# USOS PRINCIPALES DEL AGUA > Energía >  Por fin nos damos cuenta

## Jonasino

El tema del intercambio energético con Europa es de vital importancia para España, que salvo excepciones es una isla a estos efectos. Es fundamental para nosotros poder intercambiar energía, tanto eléctrica como gas natural o petroleo. Así lograremos sistemas mucho mas estables no solo en cuanto a calidad de suministro sino a mejor aprovechamiento de fuentes propias y mucha mas rentabilidad económica. Bienvenido sea todo lo que avancemos en esto. Aqui si que es un SI al trasvase energético en ambos sentidos.
http://internacional.elpais.com/inte...66_941116.html

----------


## NoRegistrado

Ahora sólo falta que se importe la claridad y precios de la energía en Europa y no se exporte la golfería de las Eléctricas que operan en España.

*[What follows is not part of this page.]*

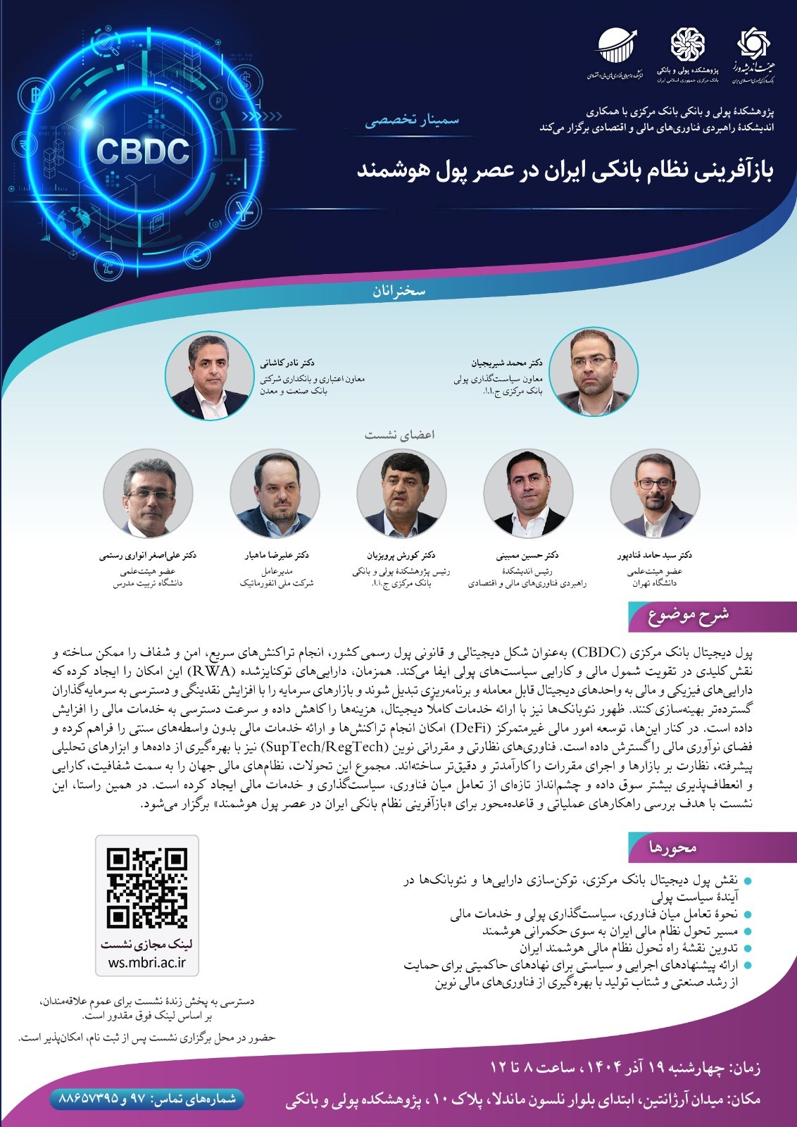 سمينار تخصصي «بازآفريني نظام بانکي ايران در عصر پول هوشمند» با حضور صاحبنظران اقتصادي و کارشناسان ارشد پولي و بانکي روز چهارشنبه 19 آذر ۱۴۰۴ در پژوهشکده پولي و بانکي بانک مرکزي برگزار مي‌شود.

 Como ya tengo muchos años, creo que puede pasar lo segundo.

Saludos. Miguel

----------


## F. Lázaro

> Ahora sólo falta que se importe la claridad y *precios de la energía en Europa* y no se exporte la golfería de las Eléctricas que operan en España.


Eso es impensable 

Sólo hay que ver la racha que llevamos...

----------